PROBLEM DESCRIPTION>
What is needed is an exact copy of every line from the one with "Pregnancy Test Reveal" to the end of the entries below, without the pictures.

LISTED ENTRIES>

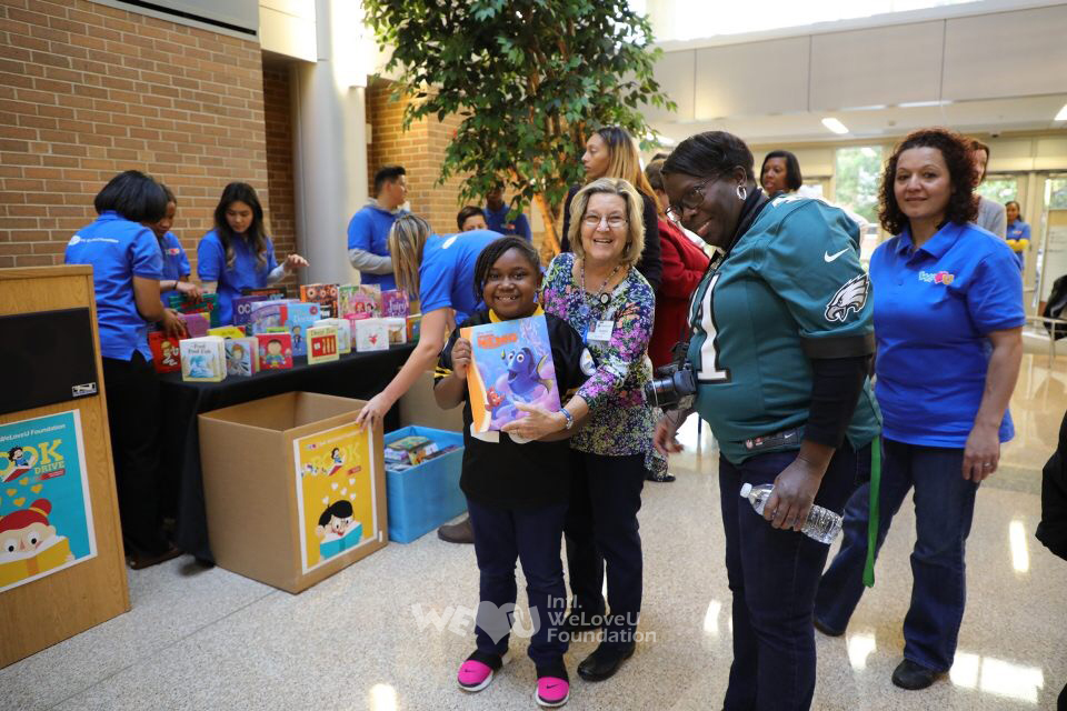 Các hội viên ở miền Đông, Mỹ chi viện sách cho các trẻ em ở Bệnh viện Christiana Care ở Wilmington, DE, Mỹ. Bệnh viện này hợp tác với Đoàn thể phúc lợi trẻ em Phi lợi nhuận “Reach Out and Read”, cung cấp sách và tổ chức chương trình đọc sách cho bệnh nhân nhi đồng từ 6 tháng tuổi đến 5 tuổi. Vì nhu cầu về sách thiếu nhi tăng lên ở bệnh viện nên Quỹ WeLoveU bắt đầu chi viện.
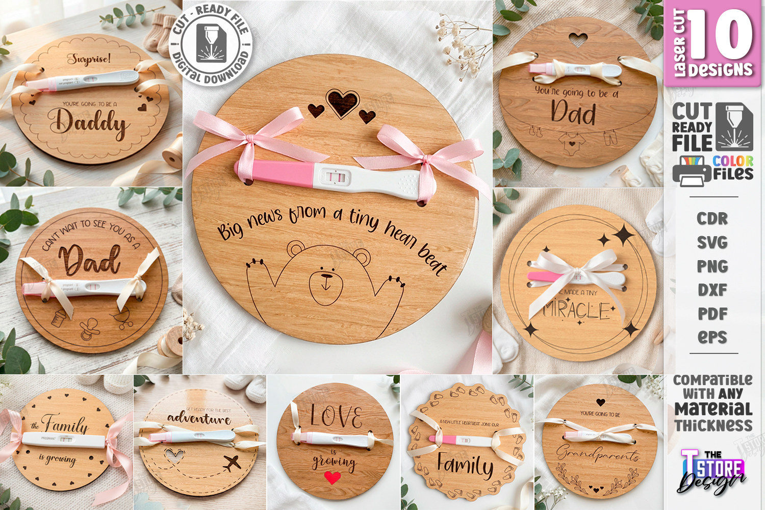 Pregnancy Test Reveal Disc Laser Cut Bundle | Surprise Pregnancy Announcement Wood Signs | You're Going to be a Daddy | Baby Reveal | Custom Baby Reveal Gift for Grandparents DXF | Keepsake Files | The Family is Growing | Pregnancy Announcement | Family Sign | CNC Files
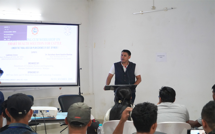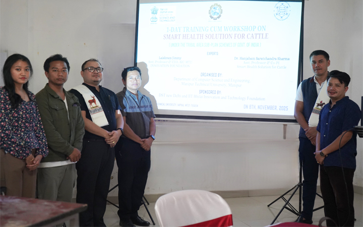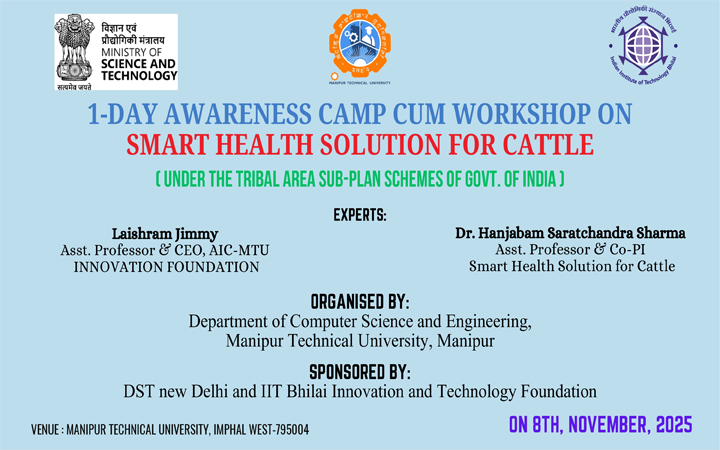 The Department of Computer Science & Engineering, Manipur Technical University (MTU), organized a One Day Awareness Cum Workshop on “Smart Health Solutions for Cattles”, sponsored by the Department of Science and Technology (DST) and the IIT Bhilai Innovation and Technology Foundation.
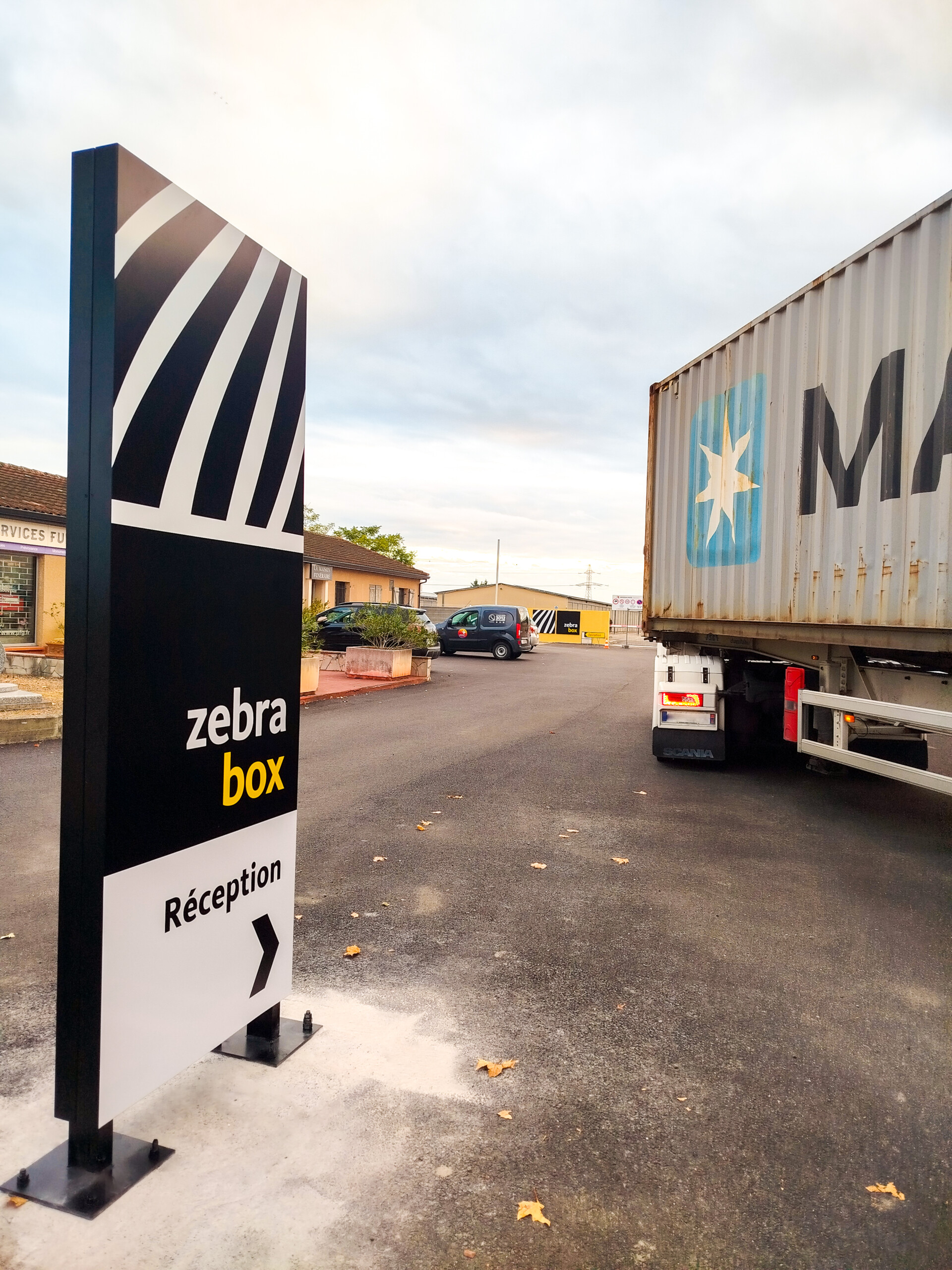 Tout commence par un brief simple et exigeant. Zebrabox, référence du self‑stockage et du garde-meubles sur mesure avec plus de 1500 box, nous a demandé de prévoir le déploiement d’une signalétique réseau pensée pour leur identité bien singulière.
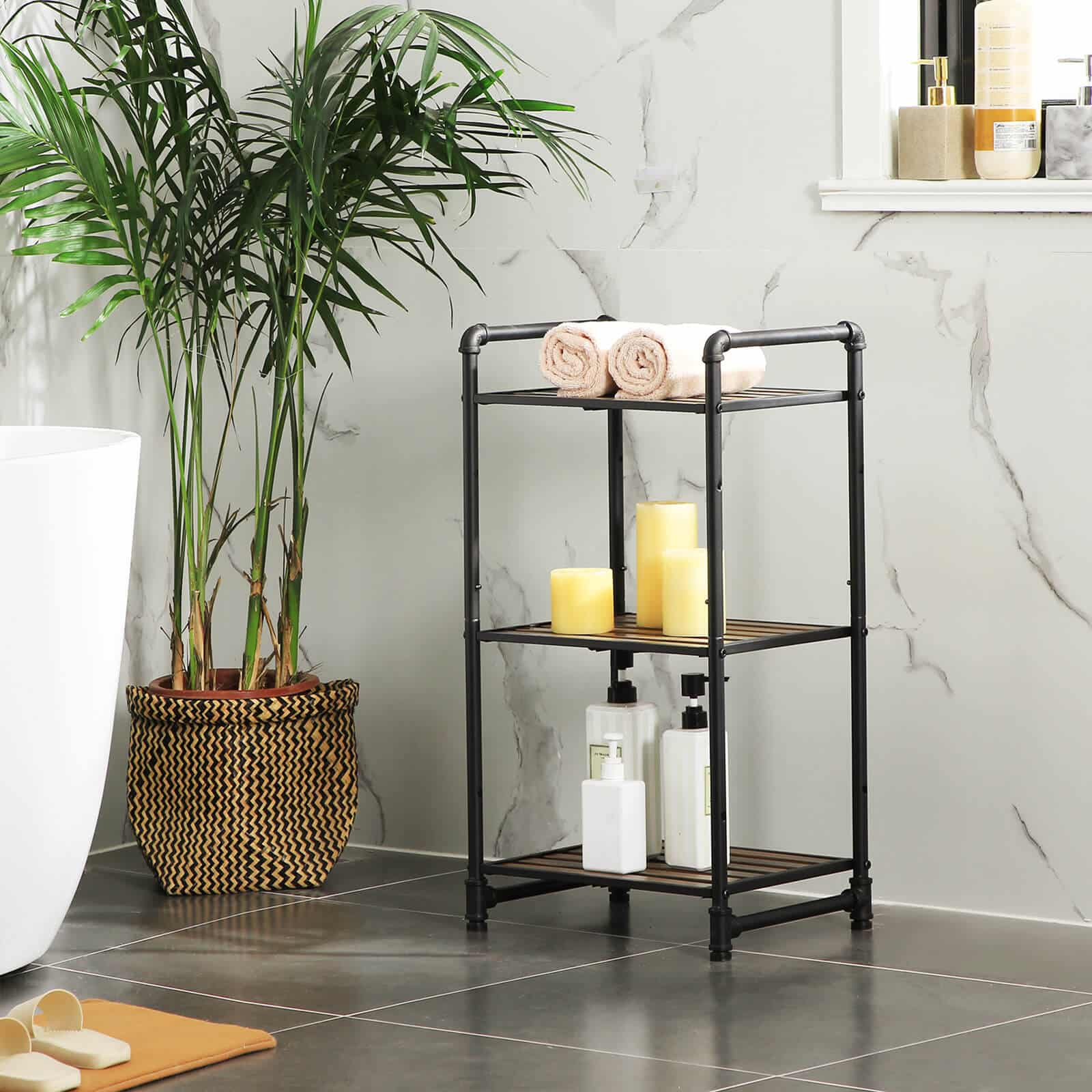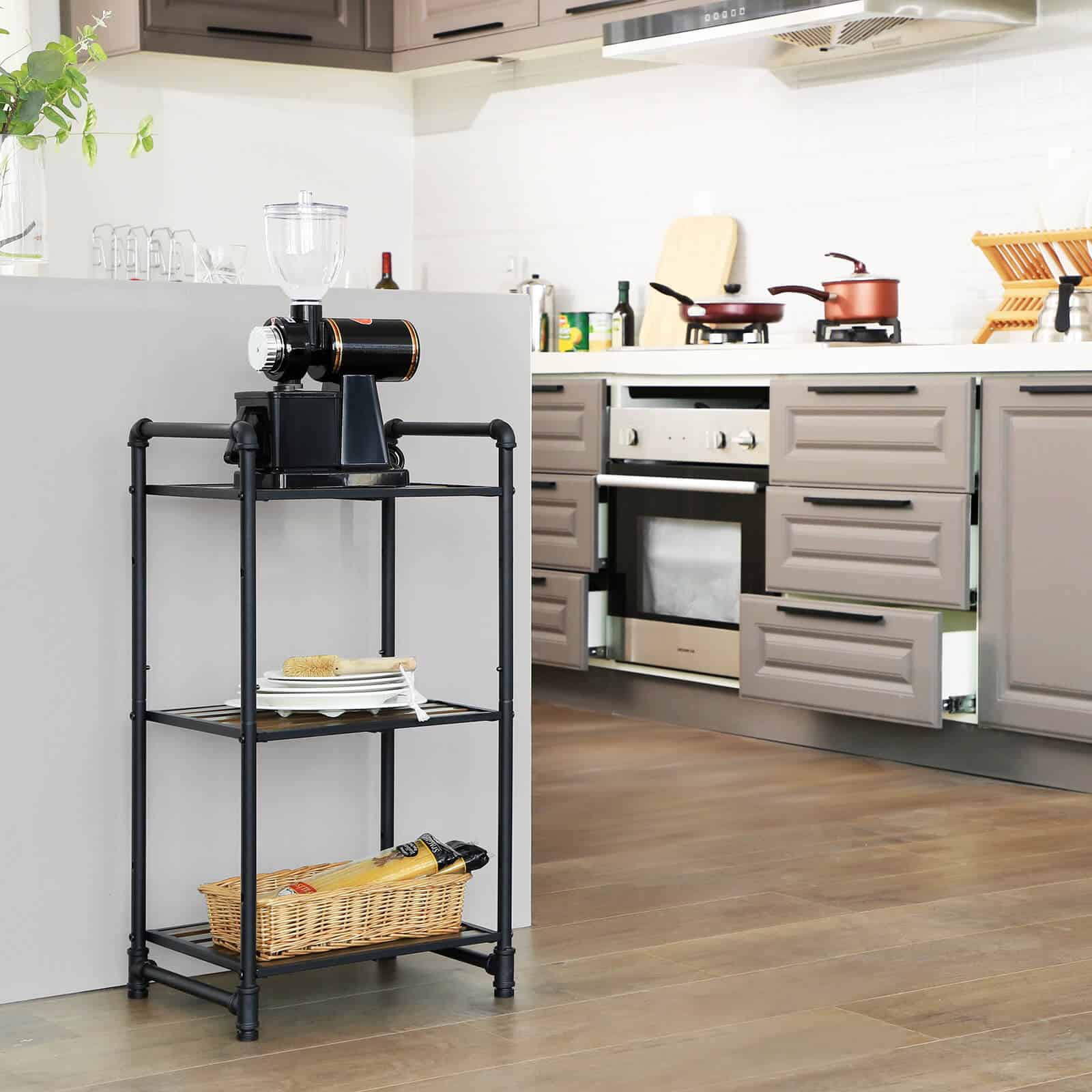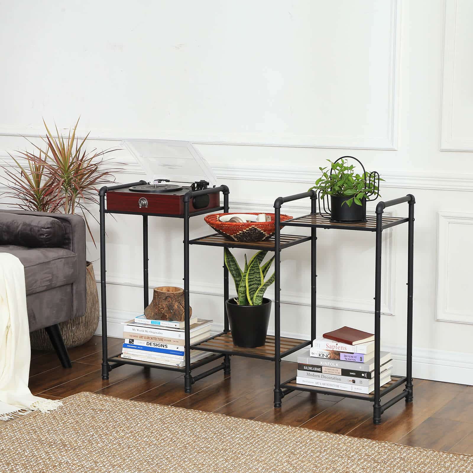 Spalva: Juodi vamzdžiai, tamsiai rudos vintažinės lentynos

RESPONSE AREA>
 Pregnancy Test Reveal Disc Laser Cut Bundle | Surprise Pregnancy Announcement Wood Signs | You're Going to be a Daddy | Baby Reveal | Custom Baby Reveal Gift for Grandparents DXF | Keepsake Files | The Family is Growing | Pregnancy Announcement | Family Sign | CNC Files
 The Department of Computer Science & Engineering, Manipur Technical University (MTU), organized a One Day Awareness Cum Workshop on “Smart Health Solutions for Cattles”, sponsored by the Department of Science and Technology (DST) and the IIT Bhilai Innovation and Technology Foundation.
 Tout commence par un brief simple et exigeant. Zebrabox, référence du self‑stockage et du garde-meubles sur mesure avec plus de 1500 box, nous a demandé de prévoir le déploiement d’une signalétique réseau pensée pour leur identité bien singulière.
 Spalva: Juodi vamzdžiai, tamsiai rudos vintažinės lentynos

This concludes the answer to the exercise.